A tiny fraction of Afghans who needed help received support and some were left to die at the Taliban’s hands, civil service staffer says.
People gather at the entrance gate of Hamid Karzai International Airport a day after US troops withdrew, in Kabul, Afghanistan on August 31, 2021 [Reuters]
Published On 7 Dec 2021
Just five per cent of Afghan nationals who applied for help to flee the country under one UK scheme after the Taliban swept to power received help – with some left behind having been killed since the collapse of Kabul, a whistleblower has claimed.
In evidence published by the Foreign Affairs Select Committee on Tuesday, Raphael Marshall – who worked for the Foreign, Commonwealth and Development Office (FCDO) during the evacuation effort – told how at one point he was the only person monitoring an inbox where pleas for help were directed.

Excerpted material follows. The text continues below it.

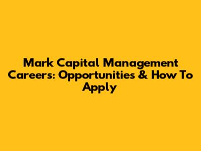 Mark Capital Management Careers: Opportunities & How To Apply

The government’s public statements over hopes the Taliban had changed did not tally with the information he was receiving.

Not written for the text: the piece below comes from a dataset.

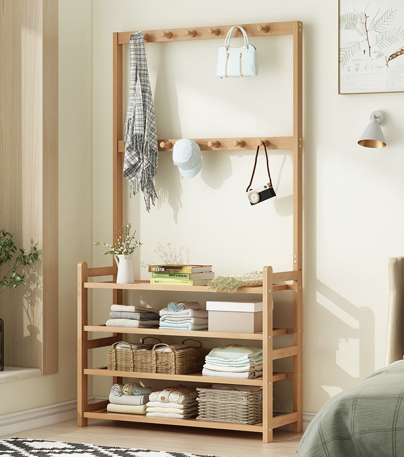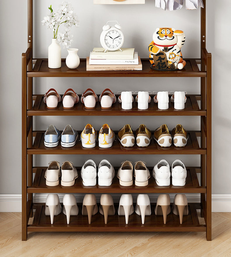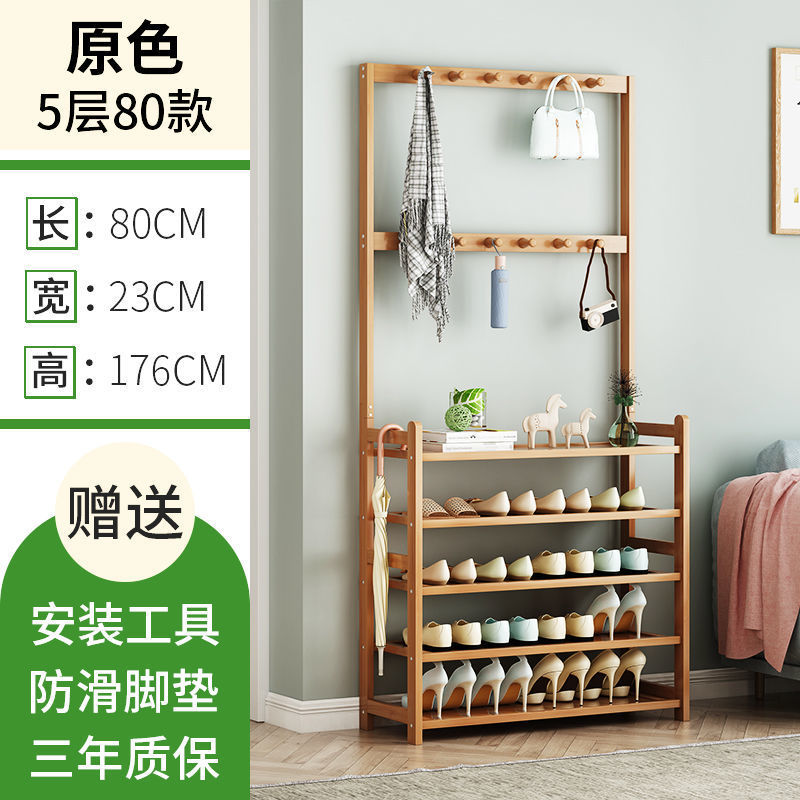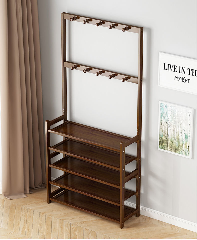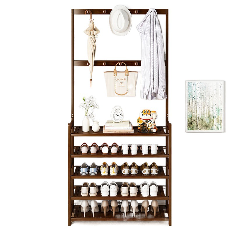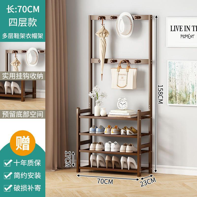 鞋架子衣帽架一体简易家用门口收纳多层鞋柜实木大容量结实置物架

Marshall’s written evidence is due to be published by the committee on Tuesday, and its chairman, Conservative MP Tom Tugendhat, said the “failures betrayed our friends and allies and squandered decades of British and NATO effort.”
He said it painted the evacuation as “one of lack of interest, and bureaucracy over humanity.”

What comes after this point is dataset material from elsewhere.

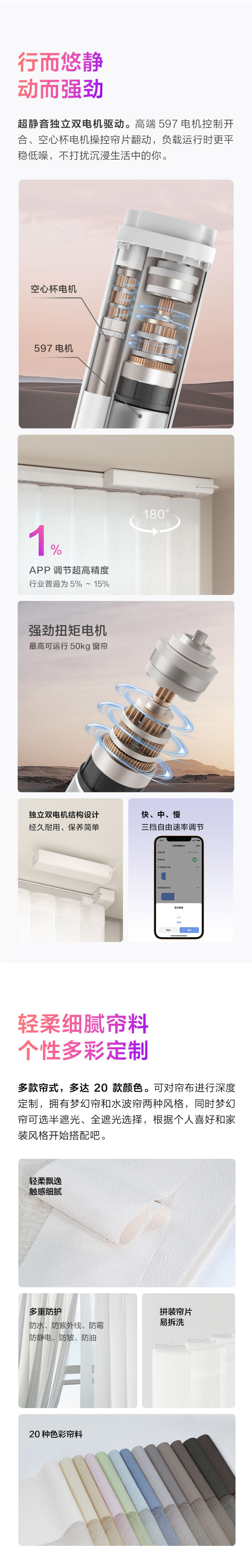 超静音独立双电机 强劲扭矩电机50Kg窗帘

Marshall worked in the Afghan Special Cases team, which handled the cases of Afghans who were at risk because of their links with the UK, but who did not work directly for the UK government.
He estimated that “between 75,000 and 150,000 people (including dependants) applied for evacuation” to the team under the leave outside the rules (LOTR) category.
He estimated that “fewer than 5 percent of these people have received any assistance” and states that “it is clear that some of those left behind have since been murdered by the Taliban.”
He said that no member of the team working on these cases had “studied Afghanistan, worked on Afghanistan previously, or had a detailed knowledge of Afghanistan.”
Marshall added that junior officials were “scared by being asked to make hundreds of life and death decisions about which they knew nothing.”
His remarks come as officials from the Foreign, Commonwealth and Development Office and the ambassador to Afghanistan, Laurie Bristow, are due to give evidence to the committee on Tuesday.
Marshall alleged that then-Foreign Secretary Dominic Raab “did not fully understand the situation.”
Emails were opened but no action was taken, as Raab felt “the purpose of this system was to allow the prime minister and the-then foreign secretary to inform MPs that there were no unread emails,” Marshall charged.
He said: “These emails were desperate and urgent. I was struck by many titles including phrases such as ‘please save my children’.”
“The contrast between Her Majesty’s Government’s statements about a changed Taliban and the large number of highly credible allegations of very grave human rights abuses HMG has received by email is striking,” he added.
Tugendhat said: “These allegations are serious and go to the heart of the failures of leadership around the Afghan disaster, which we have seen throughout this inquiry.”
“This evidence raises serious questions about the leadership of the Foreign Office, and I look forward to putting these to officials, including former Afghanistan Ambassador Sir Laurie Bristow.”
A government spokesperson pointed out that “UK government staff worked tirelessly to evacuate more than 15,000 people from Afghanistan within a fortnight.”
“This was the biggest mission of its kind in generations and the second-largest evacuation carried out by any country. We are still working to help others leave.”
Raab, now deputy prime minister, told the BBC broadcaster: “It’s inaccurate in certain respects, the suggestion that junior desk officers were making decisions is just not correct.
“There’s a difference between processing and deciding, so I’m afraid I don’t accept that characterisation.”